◆ Try it ◆
From the line with "Reloj de cuarzo" to the line with "Фуры с сербскими", retype every line exactly, including those two, and leave out the rest of the data below.

◆ Records supplied ◆
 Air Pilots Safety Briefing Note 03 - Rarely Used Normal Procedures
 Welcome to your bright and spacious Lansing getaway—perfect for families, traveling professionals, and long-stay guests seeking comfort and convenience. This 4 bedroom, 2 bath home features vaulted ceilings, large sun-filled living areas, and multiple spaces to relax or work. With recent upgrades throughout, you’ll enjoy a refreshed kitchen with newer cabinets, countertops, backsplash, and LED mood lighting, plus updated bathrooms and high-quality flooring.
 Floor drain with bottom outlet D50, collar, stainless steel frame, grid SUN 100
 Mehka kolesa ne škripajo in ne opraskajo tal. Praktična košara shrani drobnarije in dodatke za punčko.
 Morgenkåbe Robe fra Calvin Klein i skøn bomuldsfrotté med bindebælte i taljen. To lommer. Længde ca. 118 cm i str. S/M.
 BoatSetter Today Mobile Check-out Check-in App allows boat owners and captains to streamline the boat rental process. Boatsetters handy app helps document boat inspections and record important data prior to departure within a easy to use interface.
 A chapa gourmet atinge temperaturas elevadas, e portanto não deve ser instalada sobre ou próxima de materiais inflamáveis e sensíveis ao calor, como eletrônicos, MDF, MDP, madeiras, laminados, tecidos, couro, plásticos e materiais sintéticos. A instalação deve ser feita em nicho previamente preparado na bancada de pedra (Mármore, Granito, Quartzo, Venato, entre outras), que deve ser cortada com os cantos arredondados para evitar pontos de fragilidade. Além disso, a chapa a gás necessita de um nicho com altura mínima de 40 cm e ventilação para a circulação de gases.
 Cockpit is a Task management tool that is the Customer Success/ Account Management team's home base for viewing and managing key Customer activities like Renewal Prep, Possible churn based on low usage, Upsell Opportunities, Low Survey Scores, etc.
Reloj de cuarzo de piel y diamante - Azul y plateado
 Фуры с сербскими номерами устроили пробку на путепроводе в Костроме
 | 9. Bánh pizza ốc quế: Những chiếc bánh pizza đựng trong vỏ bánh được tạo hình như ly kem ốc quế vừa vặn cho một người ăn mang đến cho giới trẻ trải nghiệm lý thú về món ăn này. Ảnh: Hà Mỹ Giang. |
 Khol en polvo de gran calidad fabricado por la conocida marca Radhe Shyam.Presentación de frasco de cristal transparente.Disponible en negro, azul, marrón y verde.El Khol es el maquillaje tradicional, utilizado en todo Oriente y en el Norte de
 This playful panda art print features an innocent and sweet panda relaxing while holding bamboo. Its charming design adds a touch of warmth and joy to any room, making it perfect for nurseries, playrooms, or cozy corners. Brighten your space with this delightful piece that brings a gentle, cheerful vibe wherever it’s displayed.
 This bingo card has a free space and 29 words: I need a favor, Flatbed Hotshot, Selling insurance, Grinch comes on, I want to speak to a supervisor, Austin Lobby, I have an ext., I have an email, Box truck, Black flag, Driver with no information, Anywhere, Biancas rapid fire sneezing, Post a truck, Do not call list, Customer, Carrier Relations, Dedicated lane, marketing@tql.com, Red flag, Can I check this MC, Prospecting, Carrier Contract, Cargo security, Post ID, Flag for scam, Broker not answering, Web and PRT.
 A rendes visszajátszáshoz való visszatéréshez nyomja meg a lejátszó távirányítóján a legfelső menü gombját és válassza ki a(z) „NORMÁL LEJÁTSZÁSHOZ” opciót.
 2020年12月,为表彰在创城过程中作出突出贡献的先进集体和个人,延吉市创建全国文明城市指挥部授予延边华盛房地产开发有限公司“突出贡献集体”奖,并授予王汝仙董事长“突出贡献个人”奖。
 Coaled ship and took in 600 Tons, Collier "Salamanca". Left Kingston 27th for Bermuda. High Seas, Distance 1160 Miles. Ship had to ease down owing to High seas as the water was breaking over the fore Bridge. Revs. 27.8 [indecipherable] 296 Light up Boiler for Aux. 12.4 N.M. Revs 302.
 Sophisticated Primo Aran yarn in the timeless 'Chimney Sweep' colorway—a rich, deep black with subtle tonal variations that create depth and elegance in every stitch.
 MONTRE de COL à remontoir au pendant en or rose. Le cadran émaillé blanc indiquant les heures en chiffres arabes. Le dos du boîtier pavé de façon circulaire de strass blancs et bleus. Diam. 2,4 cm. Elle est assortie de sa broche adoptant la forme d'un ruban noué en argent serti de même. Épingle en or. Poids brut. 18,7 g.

◆ Result of the task ◆
Reloj de cuarzo de piel y diamante - Azul y plateado
 Фуры с сербскими номерами устроили пробку на путепроводе в Костроме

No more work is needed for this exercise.